Periodistas, manifestantes, políticos, millonarios y hasta presidentes asesinados en Rusia solo tienen algo en común: se oponen al gobierno de Vladimir Putin. No parece ser solo una coincidencia.

Denis Voronenko era miembro del Parlamento ruso (la Duma), y había huido a Kiev después de recibir amenazas de los servicios de seguridad por oponerse a las políticas del presidente Vladimir Putin contra Ucrania. Minutos antes de reunirse con su excolega Ilya Ponomarev, la única legisladora que votó contra la anexión de Crimea en 2014, el viernes 24 de marzo un hombre abordó a Voronenko afuera de su hotel y le disparó dos veces a plena luz del día. Como él, un puñado de líderes de la oposición que critica a Putin y a sus aliados han desaparecido uno a uno en condiciones sospechosas. Es un secreto a voces desde hace años, solo que ahora, con la creciente preeminencia del exagente de la KGFB en los asuntos mundiales, el asunto toma un cariz aún más grave.

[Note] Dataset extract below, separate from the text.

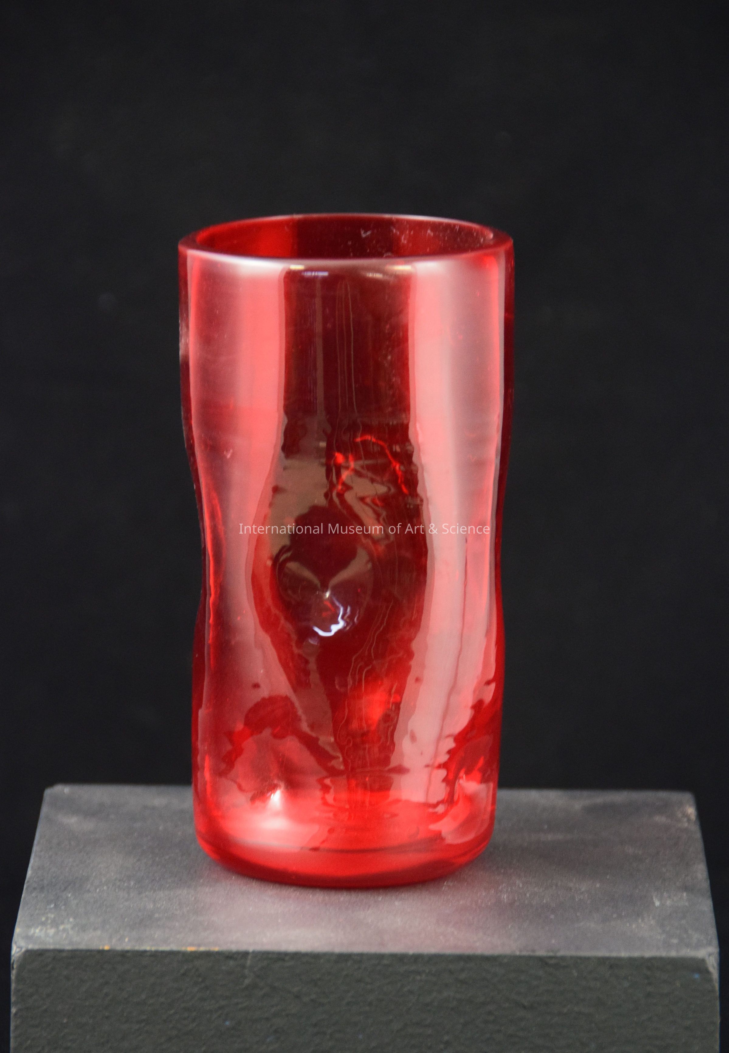 A hand-blown drinking glass. The glass is bright red. There are concave endents on the body of the vessel. There is a round mouth, but the base of the drinking glass is somewhat square.Made/Created

“Hay muchos asesinos (...) ¿Cree que nuestro país es muy inocente?” respondió el presidente estadounidense Donald Trump, cuando el periodista de Fox News que lo entrevistaba le cuestionó su preferencia por el presidente ruso, Vladimir Putin, a pesar de su fama de asesino. La respuesta, que a este lado del Atlántico resultó hasta graciosa, angustia a los opositores rusos, que ven a su gobernante como un dictador y sufren en carne propia su represión. Como dijo a SEMANA el profesor emérito de la Universidad de Kansas, Dale Herspring, “Putin tiene a criminales de su lado, pero como no es Stalin, también tiene opositores. (...) Cuando salen a la calle y lo confrontan abiertamente, Putin usa a la Militsiya (policía civil) y, si es más grave, recurre a las fuerzas internas de seguridad. Putin simplemente no tolera la oposición abierta”.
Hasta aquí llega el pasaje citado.